The box measures 31" x 16" x16" and will be painted white when completed. I plan on using the child-safe hinges on the lid. I'll post more pictures as I make more progress.

Eric


----------



## Glenmore (Sep 10, 2004)

Eric really a nice clean job very nice.


----------



## xplorx4 (Dec 1, 2008)

Eric it is typical of what one would expect from your shop. Neat, good lines, exceptional workmanship. I am glad you are painting it cause trust me Aspen does not take stain well, however it is a nice wood to work with. I would imagine you are going to spray paint, is that correct? Looking forward to final product.


----------



## harrysin (Jan 15, 2007)

A very nice job Eric, very similar construction to many that I've made over the years, in fact in the 80's I went through my toy box period!


----------



## kartracer63 (Jan 19, 2009)

*some more photos of my toy box progress*

I made a little removable tray for some smaller toys and it will slide on a couple little glides mounted to the front and back of the box. I used my dovetail jig for the 1/2 blind dovetail joints and routed a dado for the tray bottom. I used my scroll saw to cut out the carrying handles on the tray.
I'm now gluing up the boards for the lid. Then I'll cut the lid to size and router the edges with a roundover bit and mount the lid to the child-safe hinges and get everything ready to paint.

Eric


----------



## vikingcraftsman (Mar 31, 2006)

Really nice Man toy box Eric. I like the idea of the sliding tray. Another thing I can add to my projects.


----------



## Ralph Barker (Dec 15, 2008)

Looks good, Eric.

Although Harry (or, T-Tom) might scold you for using a scroll saw for those hand holes instead of a template and guide bushing. 
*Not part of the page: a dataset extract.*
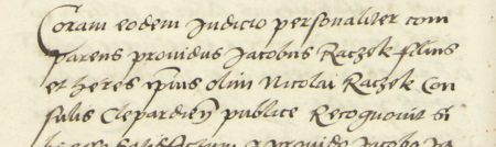 Z księgi ławniczej Kleparza obejmującej sprawy z lat 1528–1553: fragment wpisu z 1552 roku dotyczącego sprawy z udziałem przyszłego rajcy Jakuba Raczka (nr 83), syna zmarłego Mikołaja Raczka, rajcy kleparskiego - oraz zbliżenie zapisu imienia i urzędu (Archiwum Narodowe w Krakowie, sygn. KL 2, s. 634)

How do you like those double-headed clamps, BTW?


----------



## kartracer63 (Jan 19, 2009)

Ralph,

So far they've worked out alright. And... if I can put up with my wife's scoldings, I think I can handle Harry and Tom.

Eric


----------



## a1tomo (Dec 3, 2008)

It looks to me like you are ready for a major project after this one ........like maybe a chest of drawers?

Nice job.


----------



## drasbell (Feb 6, 2009)

Great looking work..


----------



## kartracer63 (Jan 19, 2009)

*Toy Box lid is finished*

I've got the toy box lid finished. Now I'll mount the hinges (and take them back off) and start in with the primer and paint over the next couple of days.

Eric


----------



## kartracer63 (Jan 19, 2009)

*Hinges are fastened*

The hinges are attached to the box and lid. They do what they're supposed to do... protect those little fingers.

Eric


----------



## vikingcraftsman (Mar 31, 2006)

Realy nice to see these clean lines. Did you glue up the boards with biscuts instead of T&G? So many ways to do these.


----------



## kartracer63 (Jan 19, 2009)

John, 

I used the biscuits and the worked great.

Eric


----------



## TRN_Diesel (Feb 24, 2009)

Nice job Eirc looks great. I too love using my biscuit jointer. I even built a neat jig for it to make using it even easier and quicker.


----------



## CanuckGal (Nov 26, 2008)

That's a really nice toy box and I am sure it will last for many generations to come!


----------



## kartracer63 (Jan 19, 2009)

Thanks for the compliments. I sure hope it lasts for a while. I've got 2 grandkids now and I'm sure there will be a few more to come. It should get plenty of abuse. Of course my wife will get to fill it up with there favorite toys.

Eric


----------



## kartracer63 (Jan 19, 2009)

*Toy Box is DONE*

I've completed the toy box project. I used an oil based primer and paint. One coat of primer, which I sanded when dry to remove most of the brush strokes. And two coats of gloss white. The paint job really turned out well for a brush job. But, I might look into buying a spray gun set-up. The important thing is that the wife LOVES it.

Eric


----------



## curiousgeorge (Nov 6, 2006)

Great job, Eric. Just one suggestion though and in no way meant to criticize. The next time you are using pocket hole joinery and will be covering the outside edges, as you did with this box. Why not put the pocket holes on the outside of the box and this way they will not show on the inside and will be covered by the outside trim.


----------



## kartracer63 (Jan 19, 2009)

DUH... I never thought of that George... very good point. That's why I joined this forum. Thanks for the advice.

Eric


----------



## kolias (Dec 26, 2008)

Excellent work Eric, very smart


----------